2.1. Multiple Object Tracking

In the booming field of deep learning technology, MOT based on deep learning has better precision and speed balance than traditional MOT. At present, most of the mainstream MOT algorithm framework is based on detection and focuses on data association. The MOT algorithms based on deep learning can be roughly divided into detection-based tracking (DBT) and joint detection tracking (JDT), according to whether the algorithm framework is end-to-end or not [11].

Detection-based tracking is the main method of visual MOT based on deep learning. Deep network detectors such as SSD [12] and YOLO [13] are introduced into visual MOT. However, from the perspective of the structure of the deep neural network, the submodules of DBT, such as feature extraction, can be integrated into the target detection network. Based on the fusion of the neutron modules of DBT, joint detection and tracking, namely the JDT mode, using a deep network framework to achieve visual MOT, is a new trend of the last two years. The JDT class algorithm framework not only reduces the complexity of the DBT class framework, but also improves the accuracy of MOT.

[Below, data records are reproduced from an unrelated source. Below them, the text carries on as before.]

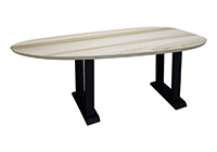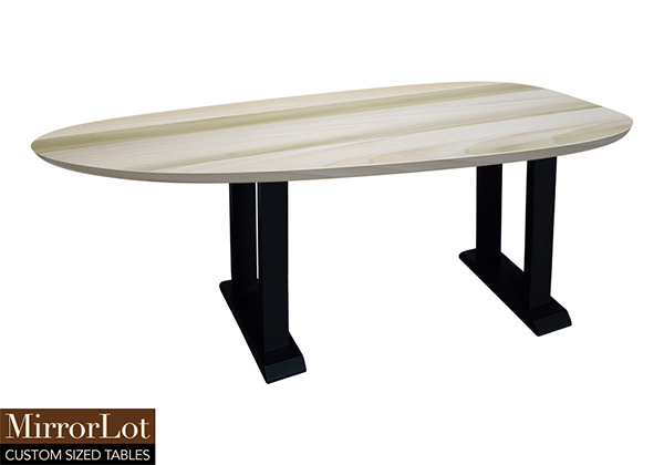 The Lima table's timeless style could easily fit in any dining room or office setting. The beveled knife edge unique round shape table top is made from solid poplar wood and the table legs are
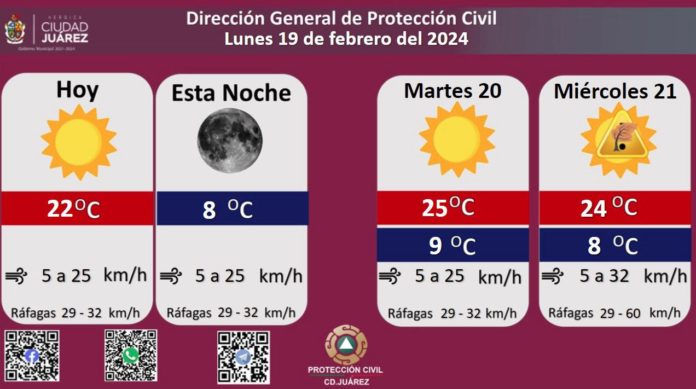 El miércoles se esperan ráfagas de viento de 60 kilómetros por hora, la temperatura máxima será de 24 °C y mínima de 8 °C, en tanto que la velocidad del viento será de 5 a 32 kilómetros por hora.
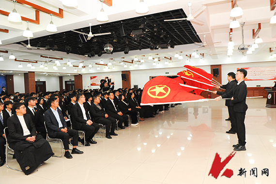 10月13日,米兰电竞(中国)官方网站第十七期青年马克思主义者培养工程开班仪式在大学生活动中心举行。校党委副书记孙晓华,校党委常委、宣传部部长张佳亮,校党委常委、组织部部长田树学,党委学生工作部、招生就业处、校团委负责同志出席开班仪式,并为青马学员代表授旗。来自16个学院的150名“青马学员”参加开班仪式。
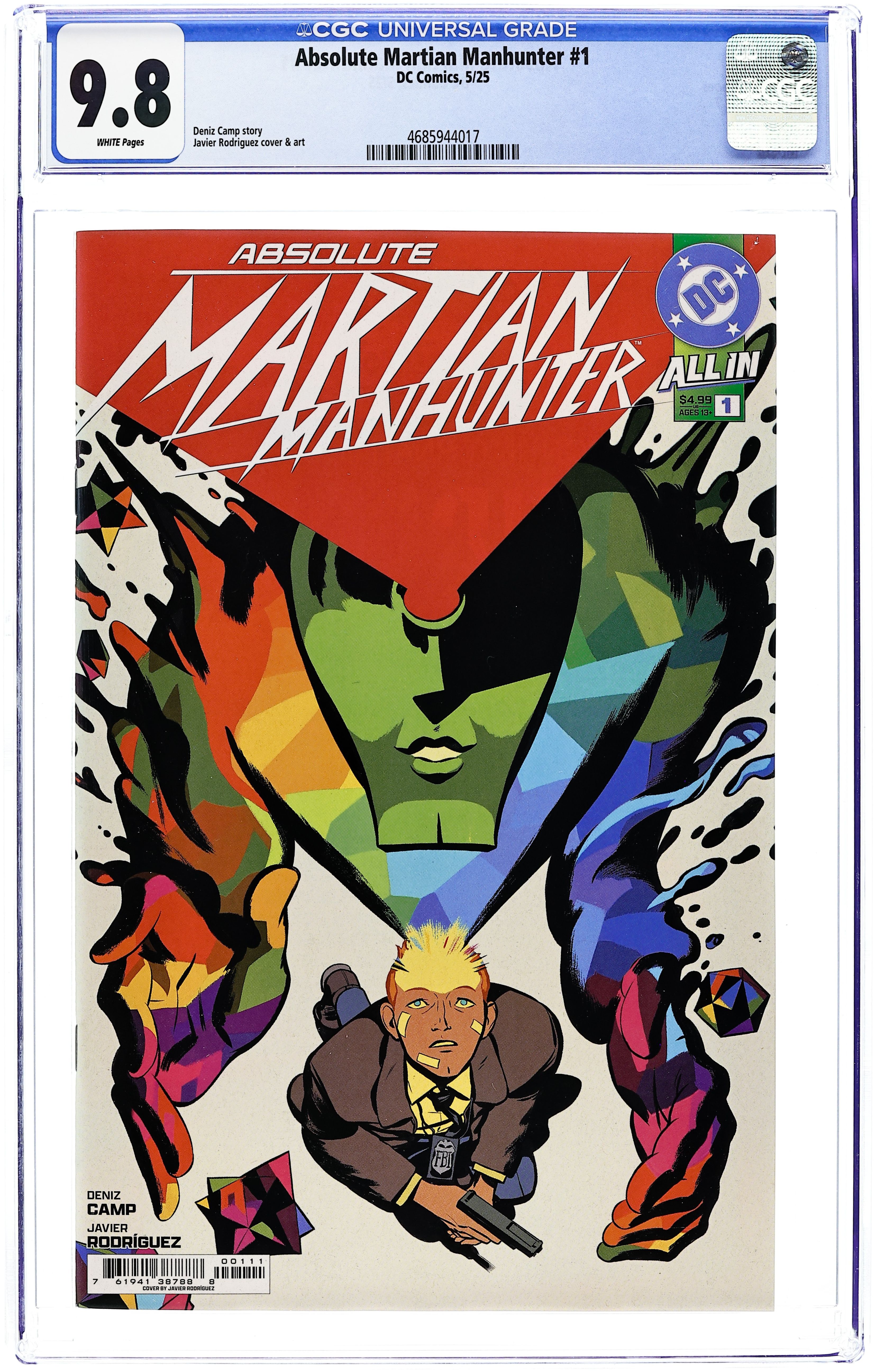 Written by Deniz Camp. Art by Javier Rodriguez. Cover by Javier Rodriguez. DENIZ CAMP AND JAVIER RODRIGUEZ TRANSFORM THE ABSOLUTE UNIVERSE! Beyond Mars...beyond physical form...beyond Human Understanding...all that's left is the ultimate alien: the Absolute Martian Manhunter! 36 pages, full color. Rated T+ Cover price $4.99.

In 2019, Bergmann et al. proposed a new joint detection Tracktor++ framework, which uses a simple and lightweight data association algorithm to match the tracking frame and observation frame, uses a deep detection network to generate the whole tracking sequence result and integrates the two modules of target detection and data association for the first time [14]. Sun et al. also proposed the DAN model [15] in 2019, which learns the compact and comprehensive features of the pre-detected object at multiple abstraction levels and makes a detailed pairing arrangement of these features in any two frames to infer the affinity of the object. In 2020, Gao et al. proposed a real-time target tracking algorithm for manifold twin networks [16], which combines correlation filtering, twin networks and popular information into a three-branch convolutional network to achieve end-to-end real-time tracking. In 2021, Yan et al. proposed an optimized DeepSort vehicle tracking algorithm with Gaussian YOLO v3 as the detector, which significantly improved the vehicle detection accuracy [17]. In 2021, Zhu proposed multi-sensor vehicle tracking based on the federal Kalman filter for vehicle tracking tasks in roadside occlusion scenarios [18] to improve the robustness of the algorithm. In 2022, Song et al. considered probe sampling under multiple roadside equipment units while minimizing sample exchange volume to maximize tracking performance [19]. In the field of vehicle tracking, the appearance and size of the vehicle will change greatly in a short time due to fast speed, the change of the shooting angle, the change of the lens from far to near, from near to far and other objective factors that produce the phenomenon of target deviation. At the same time, the shape and color of the car remain similar and shielded. Bad weather conditions, chaotic backgrounds and changes in lighting conditions between day and night will also affect the vehicle tracking effect.

2.2. Data Association

The data association operation is an important operation to connect different frames with the same target track, which directly affects whether the common target and tracking target can be distinguished correctly. At present, MOT data association methods based on deep learning mostly adopt the cost matrix combining the apparent feature and motion feature. Reasonable data association technology can effectively increase the robustness and accuracy of the algorithm and deal with complex scenes.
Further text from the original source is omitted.